This delayed queue is configured with a x-dead-letter-exchange of the original exchange, x-dead-letter-routing-key of the original routing key, and x-message-ttl of 60,000. With this configuration, RabbitMQ handles the timeout automatically. When the message expires from the -1m queue, RabbitMQ sends it back to the exchange and it gets routed to the intended queue by the pre-existing bindings.

The framework expects all messages to be in an "envelope" of JSON which lets us annotate the jobs. When we mark a job for retry, we also increment an "attempt-count" attribute in the JSON. The workers can them implement their own "retry N times" policies.

I haven't thought about how this would work if we were using topic exchanges. We are only using direct at the moment.

I wrote a similar system for C# - we had three queues per application, work, delay, and error.

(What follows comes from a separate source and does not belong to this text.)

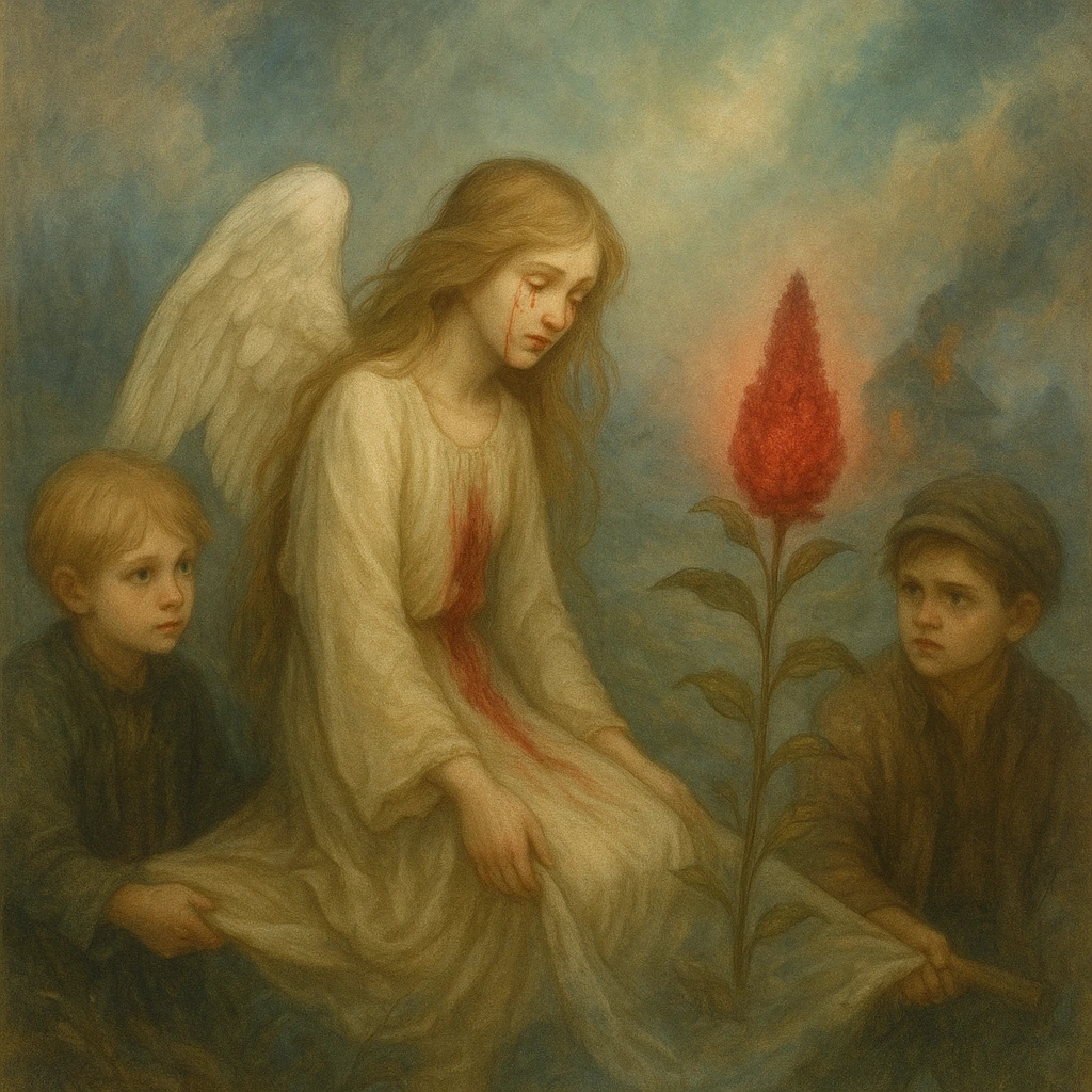 산간 마을에서 두 아이가 피를 흘리는 천사를 발견해 마을로 데려온다.

In our system, the deferred queue used per-message TTLs that would push messages back onto the work queue. This allowed us to inspect the deferred and error queues while the application was running.
Thanks for posting this. Some of these ideas could work very nicely in hutch.
No problem. Frustratingly, people rarely seem to talk about how they use RabbitMQ in practice. Also, there are a lot of things that are still a mystery to me (for example, best practices for dealing with things like server shutdowns, or what to do when a NACK "fails", etc).

I need to poke around Hutch and steal some ideas for an RPC implementation. We're just using fire-and-forget type work for now, but I'd love to be able to use RabbitMQ w/anonymous reply queues as a workaround for PHP not being able to do asynchronous RPCs.